PS jest jakies narzecie pod "Linuxa" takie jak CPU-Z na Windowsach?

----------

## SlashBeast

gtk-lshw z pakietu lshw (z flaga gtk).

Swoja droga wystarczylo jedno wstukanie na google nazwy procesora by dowiedzieć się, ze jest 64bitowcem.
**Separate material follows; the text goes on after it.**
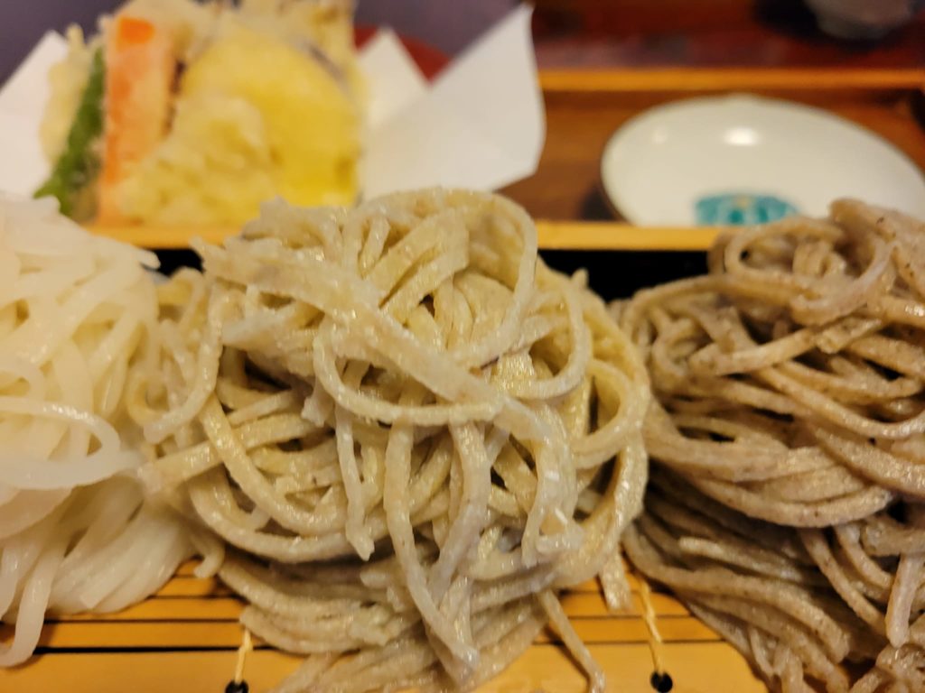 盛りそばの三色を注文しました。更科、挽きぐるみ、田舎の3種類のお蕎麦を味わうことができます。

Sempron 2600+ PGA754 1.6GHZ 90NM 64BIT 1.4V 1.6GHZ

----------

## psotnik

wlaśnie nie do konca, bo drugie wstukanie na google juz mowiło ze jest to 32-bitowa wersja, a trzecie wstukanie powiedziało ze pierwsze partie były 32 bitowe a końcowe już 64-bitowe   :Rolling Eyes:   A poztem nie znałem żadnego narzędzie to analizy rodzaju procesora. thx

----------

## SlashBeast

Na procesorze masz jego dokladne oznaczenie, na pudelku procesora tez, wstukujesz samo to w google i juz wiesz co masz.

----------

## dziadu

Ale w pierwszym poście napisał, że pracuje zdalnie i nie ma możliwości sprawdzić osobiście.

----------

## psotnik

odswieże nieco temat, czy istnieje jakis plik w /proc/ ktory da mi jasną odpowiedź, pracujesz na systemie 32 lub 64 bitowym, bez szukania pudełek, google itp.

----------

## mbar

przecież od tego jest flaga "lm" to oczywista oczywistość.

----------

## Belliash

no to krotkie podsumowanie:

* "lm" -> oznacza ze procesor obsluguje tzw. long mode, czyli jest 64bitowy (amd64 lub em64t => x86_64 lub x64), jak zwal tak zwal  :Smile: 

* "uname -m" -> aby sprawdzic czy system jest 64bit (dostaniemy x86 lub x86_64)

----------

## psotnik

Oka flags lm domnie przemawia, z uname jest o tyle problem, iż mająć system 32 bitowy na procesorze 64 bitowym nie dostane odpowiedzi czy sam procesor przypadkiem nie obsługuje 64 bitowego adresowania. thx

----------

## Belliash

 *psotnik wrote:*   

> Oka flags lm domnie przemawia, z uname jest o tyle problem, iż mająć system 32 bitowy na procesorze 64 bitowym nie dostane odpowiedzi czy sam procesor przypadkiem nie obsługuje 64 bitowego adresowania. thx

 

czegos chyba nie rozumiesz....

uname -m -> i wiesz ze masz 32bit system (np)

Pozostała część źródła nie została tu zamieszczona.